Monday, 16 May 2011

Two legs good. Four wheels bad.

   On my return from last year's pilgrimage i was able to use the notes i'd taken to write an account of the journey, called "Our Lady and the Tramp". Some time ago i thought of an excellent title for the account i hope to write of this trip, but i can't let on, because if i don't make it to Mexico it would make me look a little bit silly, and furthermore, it won't work properly unless i really do walk a considerable part of the way. From American films etc, i'm aware that instead of a figure walking, or standing, to indicate when one should cross the road, they have signs which say "WALK", or "DON'T WALK". I need to walk, but the danger is that, instead of asking "Have i cheated over the last few days?", i could soon find myself asking "Have i actually done any walking recently?".
The Steppe, Stavropol region, Russia. Ride 'em cowboy!
   At least on Saturday i had quite a long walk, from a town called Ipatovo, where there is a well-known brewery, to Divnoye, in the North East of the Stavropol region of Russia, where Mikhail Gorbachev comes from. Without trying to hitch a ride, i actually turned down at least ten offers of lifts, before accepting one for the last few kilometres, from a very kind (Russian) Baptist pastor, who took me to stay with a marvellous family of no fewer than nine children. Somehow they made space for me, and it was a great blessing to join them for their service on Sunday morning. Then yesterday evening i walked on into the vast expanse of 'Steppe' which characterises this region, except that after a time it became very marshy, with reed-beds on both sides of the road. Last week i reached a village, also in the Steppe, where the locals were quite clear that there were not only wolves, but wolves with a reputation for killing people, so when i found a little abandoned hut in which to spend the night, i took pains to block off all the windows and the entrance; i was reminded of the refrain; "I'll huff, and i'll puff, and i'll blow you're house down!". Last night i settled for a patch of dry ground under a bridge, comforting myself with the thought that you don't really hear of 'marsh wolves'; and although Russia has many of the same things that America has, there are no alligators. With the sound of a Bittern 'booming' in the distance, and myriad birds and frogs making all sorts of other noises, it occurred to me that, apart from insects, the only danger might be that i'd be disturbed by a 'National Geographic' camera crew.

    Then this morning i accepted an offer of a lift to this 'small city', Elista, in the Kalmykia region of Russia. The driver pointed out that, oddly enough, we actually passed from Asia back into Europe (i hadn't been aware of being in Asia at all), but in lots of ways this place feels Asian.
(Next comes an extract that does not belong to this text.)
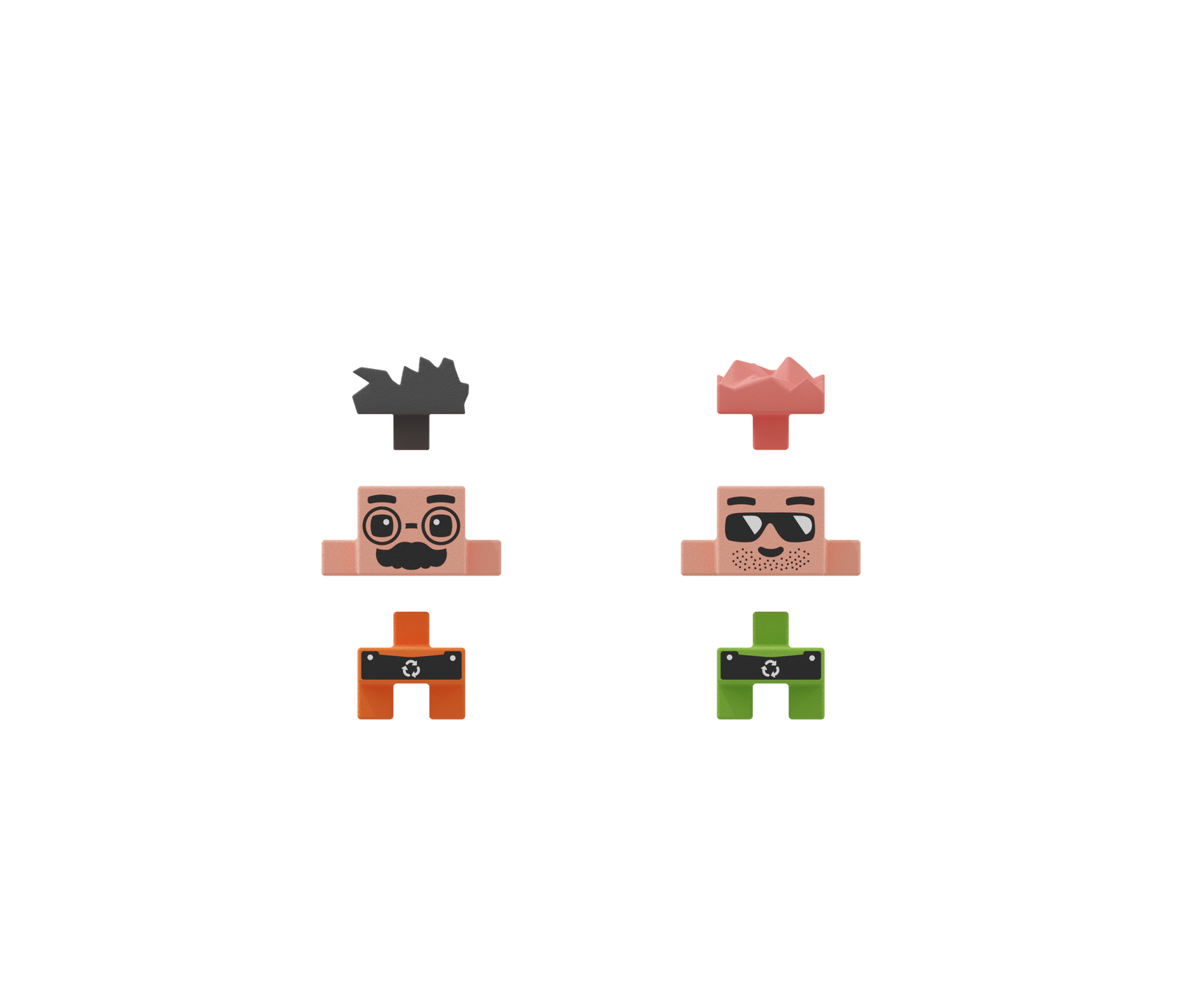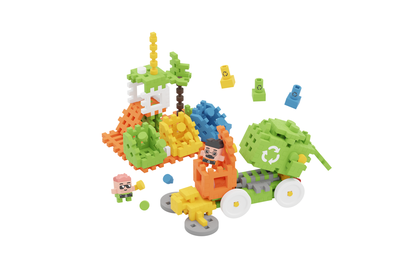 • Klocki i opakowania wytworzone z materiałów odnawialnych w recyklingu

The people almost all look Asian-Chinese, and i was dropped off next to an impressive Buddhist Temple, containing 'the largest Buddha in Europe'.
   Without any pretence to logical ordering, here is a beautiful 15th century prayer to Our Lady of Walsingham;

O gracious Lady, glory of Jerusalem,
   Cypress of Sion and Joy of Israel,
   Rose of Jericho and Star of Bethlehem,
O gracious Lady, our asking do not repel,
   in mercy all women ever thou dost excel.
Therefore, Blessed Lady,
   grant then thy great grace,
   to all that thee devoutly visit in this place.